Hypothesis
Write the single-sentence hypothesis: 'If we change [X], then [primary metric] will [improve/decline] by [magnitude] because [causal reasoning].' The hypothesis must be falsifiable. If you can't write a scenario that would prove it wrong, rewrite the hypothesis.
Variants
Control on the left, one or two variants on the right. For each variant: describe the change in one sentence. Don't test three things at once in one variant — one change per variant, or you can't attribute the result. Write the expected direction of effect for each variant.

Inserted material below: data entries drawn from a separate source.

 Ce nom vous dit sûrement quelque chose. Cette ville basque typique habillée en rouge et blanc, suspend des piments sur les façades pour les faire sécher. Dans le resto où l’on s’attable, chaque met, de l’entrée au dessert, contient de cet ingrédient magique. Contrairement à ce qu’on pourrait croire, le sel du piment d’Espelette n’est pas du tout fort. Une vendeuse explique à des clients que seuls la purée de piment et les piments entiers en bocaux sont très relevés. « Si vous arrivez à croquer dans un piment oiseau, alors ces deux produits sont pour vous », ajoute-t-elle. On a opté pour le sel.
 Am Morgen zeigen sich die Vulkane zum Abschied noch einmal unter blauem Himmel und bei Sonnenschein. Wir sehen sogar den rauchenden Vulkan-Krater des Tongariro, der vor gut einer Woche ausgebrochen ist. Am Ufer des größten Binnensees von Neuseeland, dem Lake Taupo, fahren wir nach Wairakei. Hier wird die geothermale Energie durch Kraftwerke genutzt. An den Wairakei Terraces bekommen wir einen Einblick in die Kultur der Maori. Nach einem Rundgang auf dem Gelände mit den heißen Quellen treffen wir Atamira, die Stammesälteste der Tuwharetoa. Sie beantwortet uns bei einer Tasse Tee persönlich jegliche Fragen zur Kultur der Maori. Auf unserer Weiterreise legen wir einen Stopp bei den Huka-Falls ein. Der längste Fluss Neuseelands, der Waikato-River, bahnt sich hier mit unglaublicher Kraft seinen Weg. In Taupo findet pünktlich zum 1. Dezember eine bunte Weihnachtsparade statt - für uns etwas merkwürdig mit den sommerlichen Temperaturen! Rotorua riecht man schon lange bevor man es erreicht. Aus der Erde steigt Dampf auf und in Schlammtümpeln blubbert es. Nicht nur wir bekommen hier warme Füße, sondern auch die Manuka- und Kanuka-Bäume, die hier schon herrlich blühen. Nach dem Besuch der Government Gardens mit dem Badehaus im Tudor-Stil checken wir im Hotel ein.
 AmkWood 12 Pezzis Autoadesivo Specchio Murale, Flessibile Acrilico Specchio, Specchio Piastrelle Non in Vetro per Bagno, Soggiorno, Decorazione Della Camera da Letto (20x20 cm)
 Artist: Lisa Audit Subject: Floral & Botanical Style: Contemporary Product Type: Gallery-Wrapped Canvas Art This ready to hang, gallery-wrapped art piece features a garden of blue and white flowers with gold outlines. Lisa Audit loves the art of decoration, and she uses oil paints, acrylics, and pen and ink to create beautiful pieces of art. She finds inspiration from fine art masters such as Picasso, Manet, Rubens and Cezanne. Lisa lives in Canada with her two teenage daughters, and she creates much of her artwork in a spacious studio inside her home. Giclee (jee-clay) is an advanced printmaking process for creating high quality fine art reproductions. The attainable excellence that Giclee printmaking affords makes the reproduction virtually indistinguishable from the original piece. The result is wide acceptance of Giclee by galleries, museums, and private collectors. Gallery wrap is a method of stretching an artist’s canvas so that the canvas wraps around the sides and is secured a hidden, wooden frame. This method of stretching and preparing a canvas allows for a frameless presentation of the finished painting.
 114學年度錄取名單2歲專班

Primary metric and guardrails
Write the one primary metric that decides the winner. Then write two to three guardrail metrics — metrics that, if they move negatively beyond a threshold, kill the test regardless of the primary result. The guardrails prevent optimization that looks good on one metric while quietly destroying another.
Sample size and duration
Write: minimum detectable effect (the smallest improvement worth shipping), statistical power (typically 80%), confidence level (typically 95%), and estimated daily traffic to the experiment surface. From these: calculate the required sample size and divide by daily traffic to get the minimum test duration.
Decision criteria
Three decisions: (1) Ship the variant: primary metric improved by X% at 95% confidence, guardrails safe. (2) Revert: primary metric declined or guardrail breached. (3) No conclusion: run longer or increase sample. Write the specific thresholds for each decision now — don't make them up after looking at the data.